相続の手続き

7日以内の手続き

◆死亡届

死亡届は、被相続人の死亡後、7日以内に被相続人の本籍地・死亡した場所・届出人の住所地のいずれかの管轄の市区町村役場へ死亡届及び医師の死亡診断書を提出します。

死亡届と死亡診断書は、同一用紙になっており、死亡した日、死亡を知った日から7日以内に提出しなければなりません。(死亡届を提出することに死体火葬許可書が取得可能になります。)

死亡届が提出されると戸籍上に死亡が記載され、住民票も削除されます。

  • 死亡した日、死亡を知った日から7日以内
  • 医師の死亡診断書が必要
  • 死亡者の本籍地、死亡した場所、届出人の住所地のいづれかの管轄の市区町村役場

3ヶ月以内の手続き

◆単純承認

「単純承認」とは、相続人が被相続人のプラスの財産と負債(借金)を無条件で引き継ぐことを言います。プラスの財産を引き継ぐと同時に借金も負担しなければなりません。

特別な手続きはありませんが、下記の「相続放棄」や「限定承認」には手続きに期限があることを理解しておく必要があります。

◆相続放棄

「相続放棄」とは、相続人が被相続人の財産や債務について全財産を引き継がないことを言います。被相続人の負債(借金)が財産(資産)よりも多い場合に相続権の全てを放棄をすることによって借金を免れることができます。

手続きは、被相続人の住所地の家庭裁判所に申し出ることが必要です。ただし、判断が難しい場合は、家庭裁判所に申告することにより期間を延長することができます。

◆限定承認

「限定承認」とは、相続人が被相続人のプラスの財産の範囲内で負債(借金)を引き継ぐことを言います。プラスの財産より負債(借金)の方が明らかに多い場合や負債(借金)の残額がその時点てわかっていない場合に使用します。

手続きは、被相続人の住所地の家庭裁判所に申し出ることが必要です。ただし、判断が難しい場合は、家庭裁判所に申告することにより期間を延長することができます。

  • 死亡した日、相続を知った日から3ヶ月位内
  • 相続放棄・限定承認は、被相続人の住所地の家庭裁判所に申出が必要

4ヶ月以内の手続き

◆取得税準確定申告

被相続人が、死亡した年に所得がある場合は、所得税を申告する必要があります。相続人が、被相続人の確定申告を代理で行うことを「準確定申告」と言います。

準確定申告は、1月1日から被相続人の死亡した日までの所得に対して課税され、死亡した日から4ヶ月以内に申告する必要があります。

所得税は、被相続人が払うべき税金ですので、その為、相続財産から差し引くことができます。
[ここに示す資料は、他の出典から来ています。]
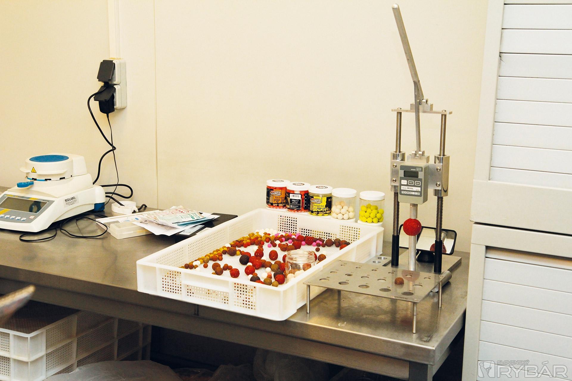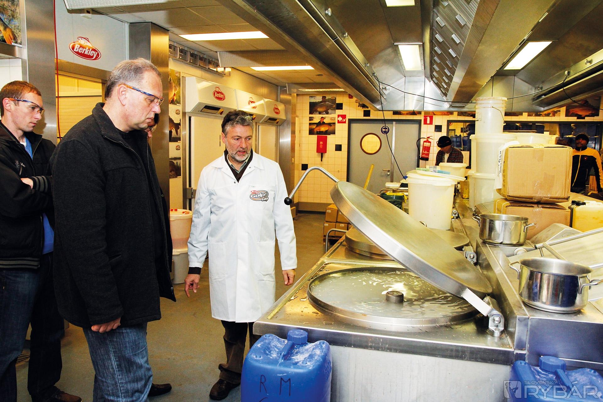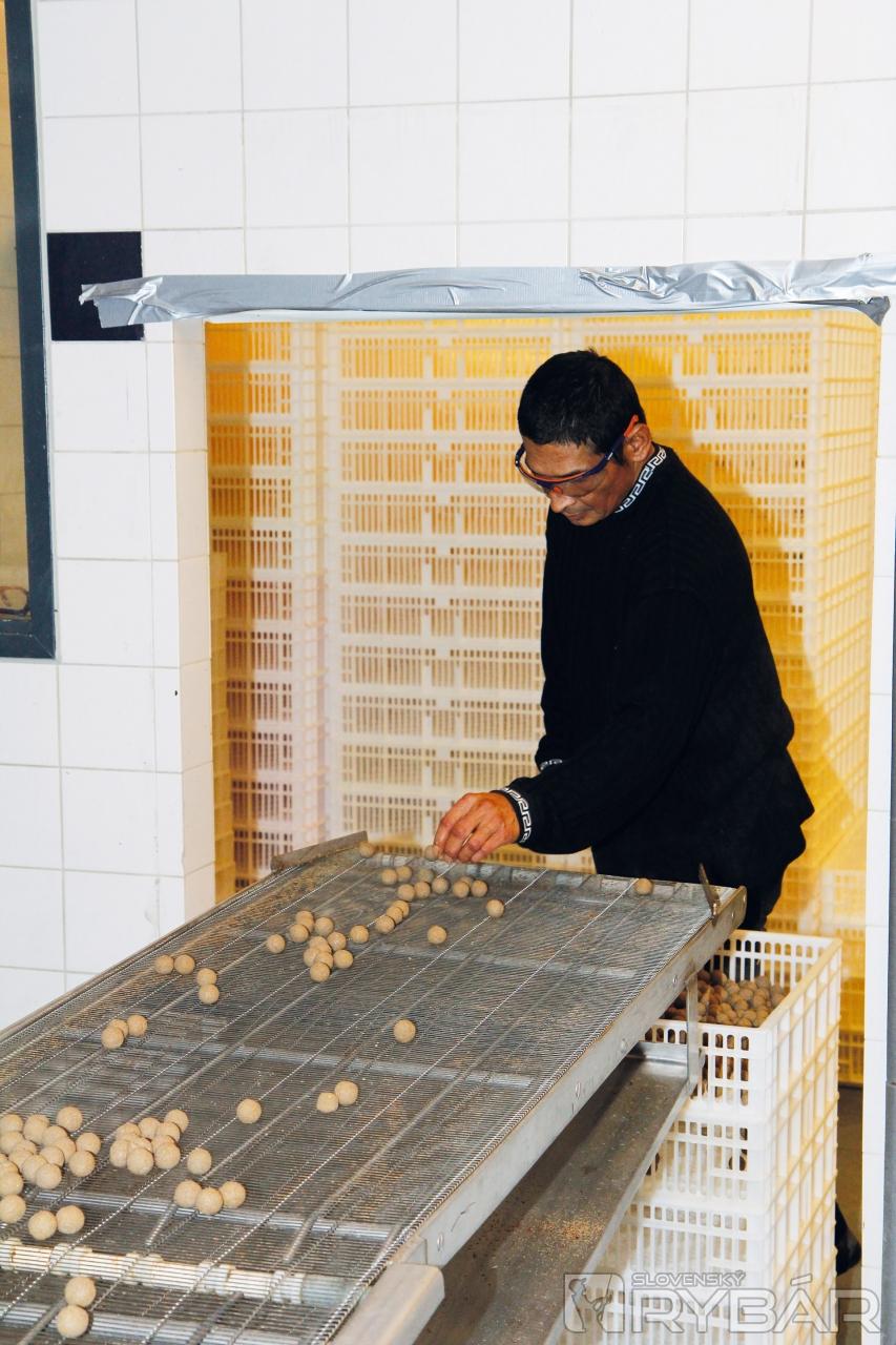 Presúvame sa do samotnej výrobne boilies. Vo veľkých nádobách sa miešajú atraktanty, vône. Ďalšia miestnosť je plná suchej zmesi do boilies. „Tu hore je zásobník. Práve pracujeme na výrobe Squid a Liver.“ Fotografovať, bohužiaľ, nemôžeme a úplne to chápeme a akceptujeme. Tryska vytláča valčeky, rezačka ich krája, vytvára guľôčky, ktoré sa varia a pomaly sa presúvajú na pás, na konci ktorého ich zamestnanec ručne triedi.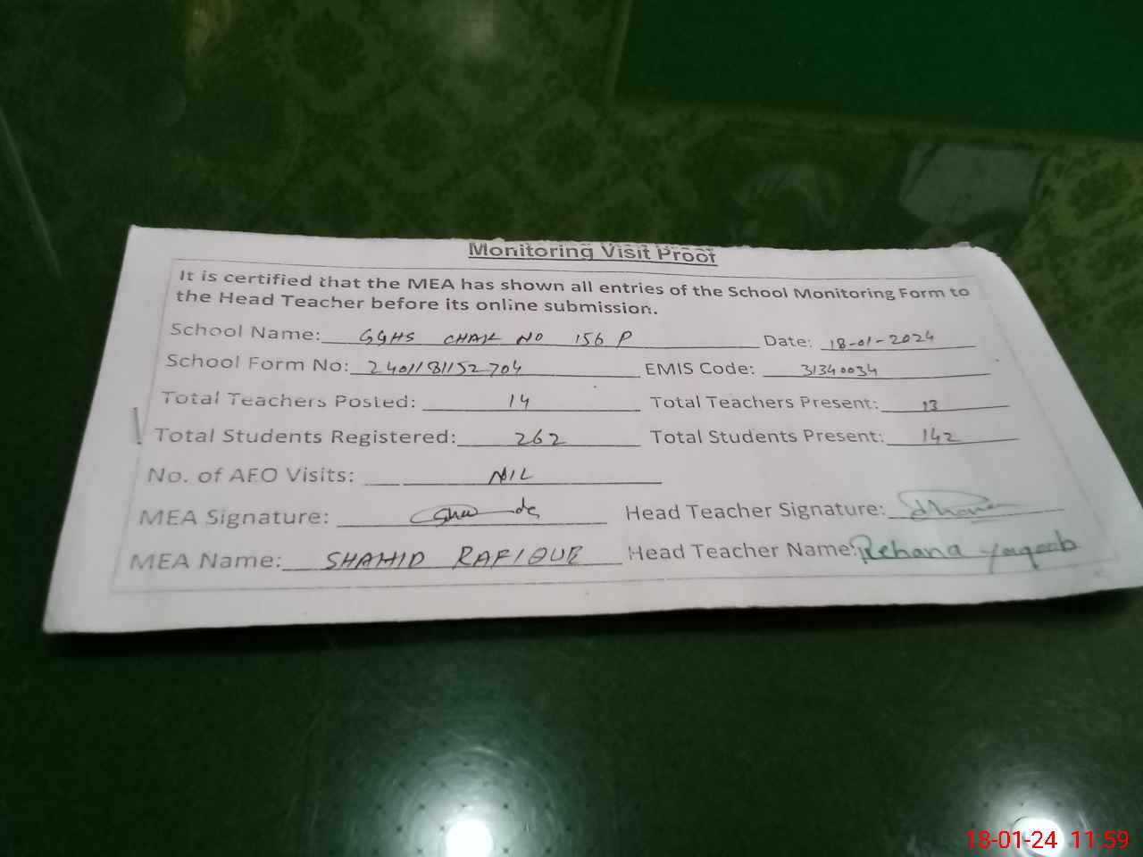 | Attendance Register | Head Teacher | MEA with School | Visit Proof |

また、還付がある場合は、相続財産に加算することができます。

10ヶ月以内の手続き

◆相続税の申告

被相続人の遺産に対して相続税がかかる場合には、相続開始を知った日から10ヶ月以内に相続人全員が相続税の申告をしなければなりません。
相続税は相続人1人1人が実際に取得した財産に対して相続税が算出されるため、申告期限(10ヶ月)までに遺産分割協議が相続人間で整っていることが前提になります。原則的には遺産分割協議も10ヶ月以内という事になります。

◆相続税の納付

相続税を現金納付する場合には10ヶ月以内に納税しなければなりませんが、その他の納税方法の延納(国に借金する事)や物納(物で納める事)も申告期限(10ヶ月)までに申請書を提出し許可を受けなければなりません。

1年以内の手続き

◆遺留分の減殺請求

民法では、法定相続人が必ず相続することができるとされている最低限の相続分(=遺留分)が保証されています。万一、遺言によって遺留分未満の財産しかもらえなかったときには、遺留分を侵した相手に対して相続の開始から1年以内に「遺留分の減殺(げんさい)請求」を行うことで、これを取り戻すことができます。

3年10ヶ月以内の手続き

◆相続税の特例適用のための分割期限

相続税の軽減特例である「配偶者の税額軽減」や「小規模宅地の評価減」「特定事業用資産の特例」の適用は、遺産分割協議が整っていることが適用要件となっているため、申告期限(10ヶ月)までに協議が整っていない場合には、適用ができない内容の申告となります。
その後、3年以内に協議が整えば、その時に特例を適用する申告内容に訂正することができます。
相続財産を譲渡した場合の所得税の譲渡の特例(取得費加算)は、その譲渡が相続税の申告期限から3年以内に行われたときだけに限られています。